Hive stores timestamps in milliseconds since the Unix epoch. The Hive docs on timestamps are actually wrong that it is "timezoneless", as the Unix Epoch is by definition in UTC.
The timestamp you gave (1427673600000
) does indeed correspond to 2015-03-30 00:00:00 UTC
. If this is the instant in time that you intended to store, then you are doing it correctly. If actually you were intending to just store a calendar date (referring to the whole date, rather than midnight UTC on that date), then you should probably use the DATE
type instead, storing just 2015-03-30
.
You asked why cast(ts as timestamp)
gives 2015-03-30 02:00:00
. What's probably happening here, is that the time is being exported with the original timestamp, but when you receive it, it is getting loaded into a type that shows you the local time equivalent.

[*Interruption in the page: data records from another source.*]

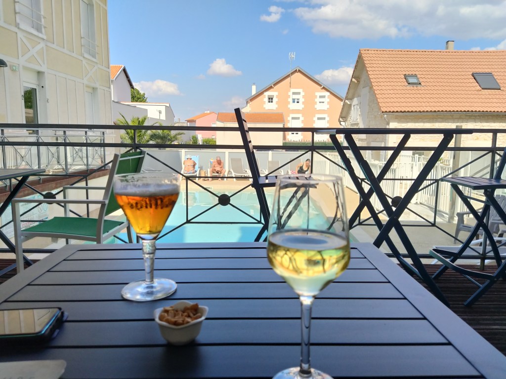 Chatelaillon-Plage looked a tad bleak on Google earth as the photos were taken in the winter but there was a long expanse of beach with what looked like a quiet road with old fashioned seaside villas running behind it. A bonus was that it was only a thirtyfive minute drive to the island. Given that Mr McGregor’s boredom threshold is very low, the possibility of doing a day trip when the beach palled seemed ideal. So I went ahead and booked a hotel with a pool that was one road back from the beach with restaurants within walking distance. And last week we went!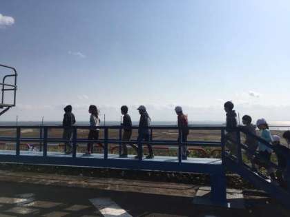 中央防波堤埋め立て処分場の中に入り見学しています。とても広い場所ですが、この子供たちが大人になった時までには、いっぱいになってしまうとのこと。考えさせられます。よい見学になったと思います。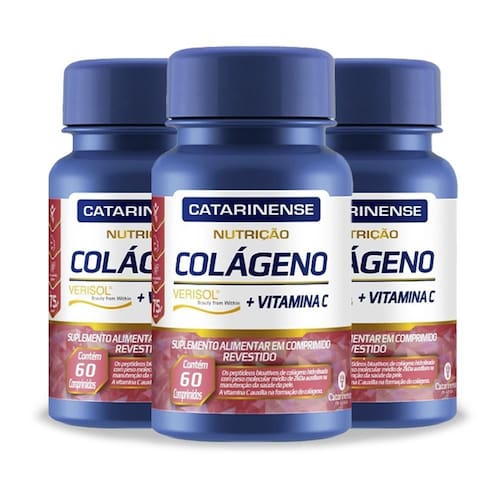 Kit 3 Colágeno Verisol + Vitamina C Catarinense 60 cápsulas RECOMENDAÇÃO DE USO: Recomenda-se ingerir 3 comprimidos ao dia. Este produto é indicado para indivíduos adultos maiores de 19 anos. Este produto não é um . Não exceder a recomendação diária de consumo indicada na embalagem. Mantenha fora do alcance de crianças. Este produto não deve ser consumido por gestantes, lactantes e crianças. Guardar o produto à temperatura ambiente entre 15C e 30C , ao abrigo da luz, bem fechado e protegido da umidade. Se o lacre estiver violado, recuse o produto. Contém dessecante à base de sílica. Ingredientes: peptídeos bioativos de colágeno hidrolisado com peso molecular médio de 2kDa, amido modificado, ascorbato de sódio, agente de massa celulose microcristalina INS 460i , estabilizante croscarmelose sódica INS 468 , glaceantes: álcool polivinílico INS 1203 , talco INS 553iii , hidroxipropilmetilcelulose INS 464 ; corantes: dióxido de titânio INS 171 , óxido de ferro amarelo INS 172iii , laca de alumínio com amarelo de quinoleína. Dispensado de registro conforme Resolução RDC 27/2010. este produto é indicado para indivíduos com 19 anos ou mais. Este produto não é um . Não exceder a recomendação diária de consumo indicada na embalagem. Mantenha fora do alcance de crianças. Este produto não deve ser consumido por gestantes, lactantes e crianças. NÃO CONTÉM GLÚTEN. Marca: Não Informado

For example, this can happen with java.util.Date
. You should be able to take this value and interpret it differently, either with java.util.Calendar
, or Joda-Time, or the new Java 8 java.time
classes. If you're not using Java, then a similar approach would likely still apply. The point is, you're probably using Hive correctly, but the local time zone is being introduced as you view the results.
Do I need to always store timestamps as UTC format in Hive ...
Yes, that's the best practice, and that's what you're doing already.
... so in this case I need to subtract 2 hours from what I got ...
No, you should never manually add or subtract time from the timestamp. Doing so will put you at an entirely different point in time.
... and then I have to apply the current timezone during querying (using from_utc_timestamp
) ?
I'm not completely familiar with Hive. Looking at the docs for from_utc_timestamp
, it would appear this expects the input to already be in a timestamp, but they show an example using a string. Perhaps it will take an integer also, but then you would just pass UTC
as the time zone, essentially doing nothing in the value conversion. It's likely that you would still have the same problem, especially if the problem is on the receiving end. IMHO, I don't think you should have to use this.